Катя Манн поджала губы. Со стороны их собеседницы теперь доносился только шорох корябающего по бумаге карандаша. Фройляйн Кюкебейн подняла напудренно-потное лицо, взглянула на них очень серьезно. И сразу стало ясно, что этой женщине, с которой жизнь обошлась сурово, которая наверняка и сама много чего знает о смерти, об ограниченном сроке борьбы за существование, можно полностью доверять{451}. Она рассеянно сказала: «Я родом из Бад-Ольдесло{452}. Но все детство провела на любекской Бекерсгрубе», — и тем немного разогнала темные клубы мыслей о смерти.
— Почему, — улыбнулась она, — у ваших книг так много читателей?
Томас Манн подпер подбородок рукой, от которой поднималась вверх струйка дыма.
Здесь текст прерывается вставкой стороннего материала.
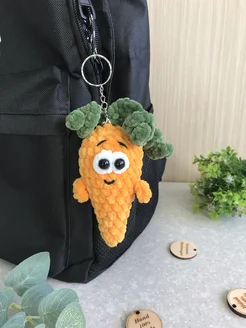 Брелок обвес Веселая морковка вязаный, мягкая игрушка
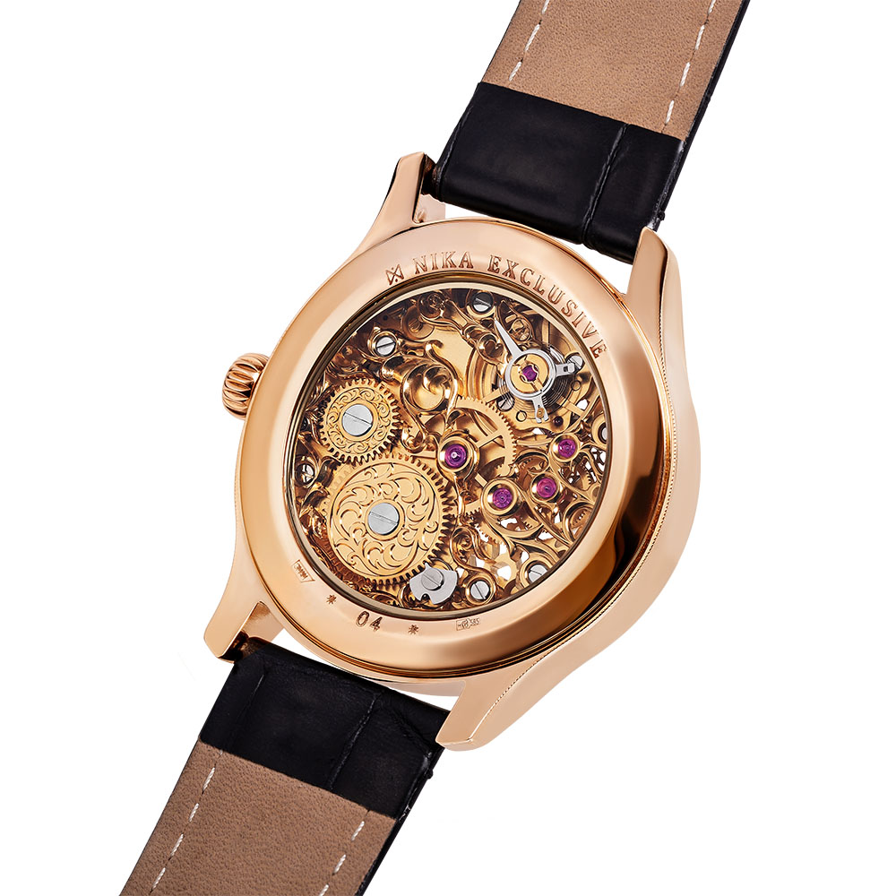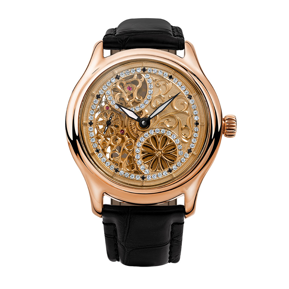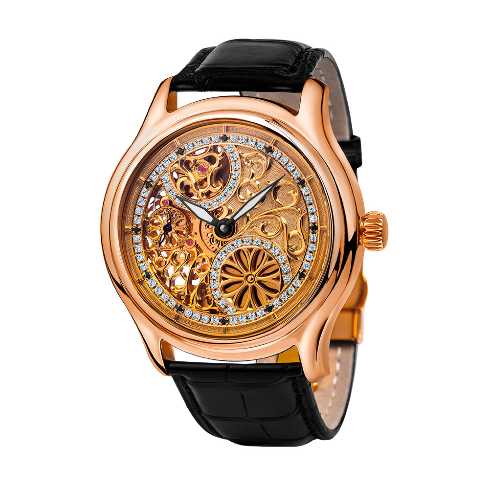 Эксклюзивные мужские часы из красного золота 585 пробы с бриллиантами и скелетонированным механизмом. Широкий чёрный ремешок из кожи аллигатора на каучуковой основе обеспечивает элегантность и комфорт при ношении. В основе часов лежит швейцарский механизм ETA 6497, демонстрирующий высочайшую точность хода и индикацию часов, минут и секунд. Циферблат представляет собой искусно выполненную композицию. Правая часть циферблата с матовой гравированной поверхностью контрастирует с витьеватыми узорами, в то время как левая сторона плавно открывает вид на механизм. Эта эксклюзивная работа часовых и ювелирных мастеров подчеркивается художественной резьбой и гравировкой, превращающими каждый компонент в произведение искусства. Особую ценность придают 91 бриллиант, встроенные в циферблат и сверкающие при любом освещении. Сверкающие бриллианты и искусно обработанные детали механизма рассказывают историю подлинной роскоши, превращая эти часы в достойное вложение, которое с годами будет лишь возрастать в ценности.
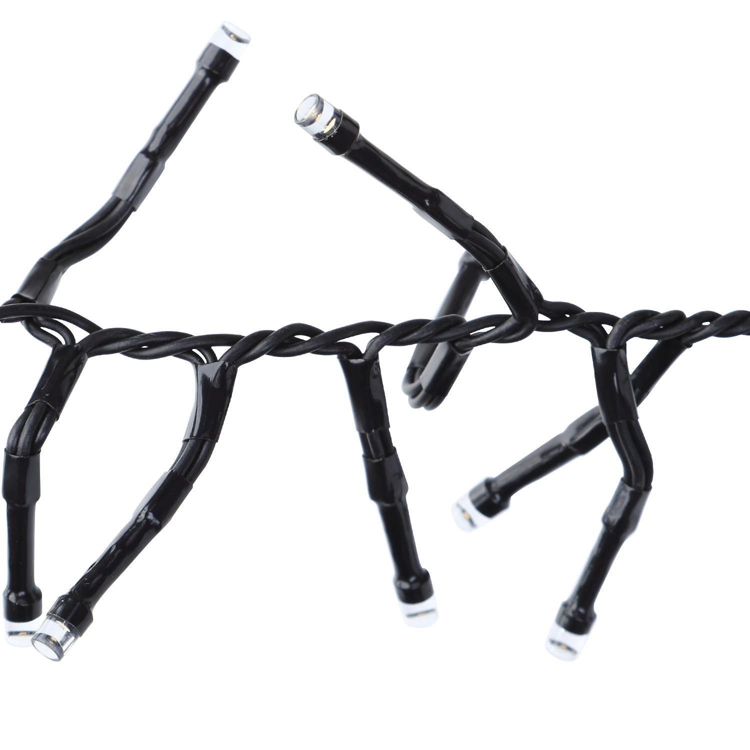 Deze huiselijke kerstverlichting heeft 250 extra warm witte LED lampjes. En doordat de kabel zwart is, lijken de lichtjes in de boom, aan de gevel of aan de regenpijp bijna te zweven.

— Удовлетворительно рассказать о себе и своей судьбе, о своем так называемом успехе и его причинах — это задача, которую на трезвую голову вряд ли кто способен решить… Скажу только, что каждый художник делает именно то, что он есть, что соответствует его суждениям и потребностям. Нечестное художественное творчество, которое сопровождается постоянным вниманием публики, — такого просто не бывает. Что же касается «Будденброков», книги, так сказать, о нашем городе, моя фройляйн, то к ее судьбе — в чисто человеческом, непритязательном смысле — можно отнести слова, сказанные Гёте о «Вертере»: дескать, добрый гений автора еще в пору всемогущей юности побудил его закрепить недавнее прошлое, воссоздать его — и в благоприятный час, набравшись смелости, опубликовать{454}. Я, впрочем, всегда пытался делать что-то новое. Если же говорить в общем и целом, то успех — случайность; между художниками вообще не должна заходить о нем речь, потому что наличие успеха ничего не доказывает, не свидетельствует ни «за», ни «против». Если позволите, я в последний раз процитирую Платена, этого Страждущего, в совершенстве владеющего формой:
Тысячи тысяч подарков между людьми распределяет судьба, Мне ж ничего не дала, кроме разве что дара слова; Но я отдавал под проценты единственный сей талант и так обрел Друзей, свободу, радость, имя и кое-какое добро.Женщины обмениваются холодными взглядами. В этих стихах речь явно не идет ни о семейной жизни, ни о трудностях домашнего хозяйства. И вообще не упоминаются никакие бытовые навыки. Как известно, Томас Манн едва ли способен хотя бы запереть садовую калитку…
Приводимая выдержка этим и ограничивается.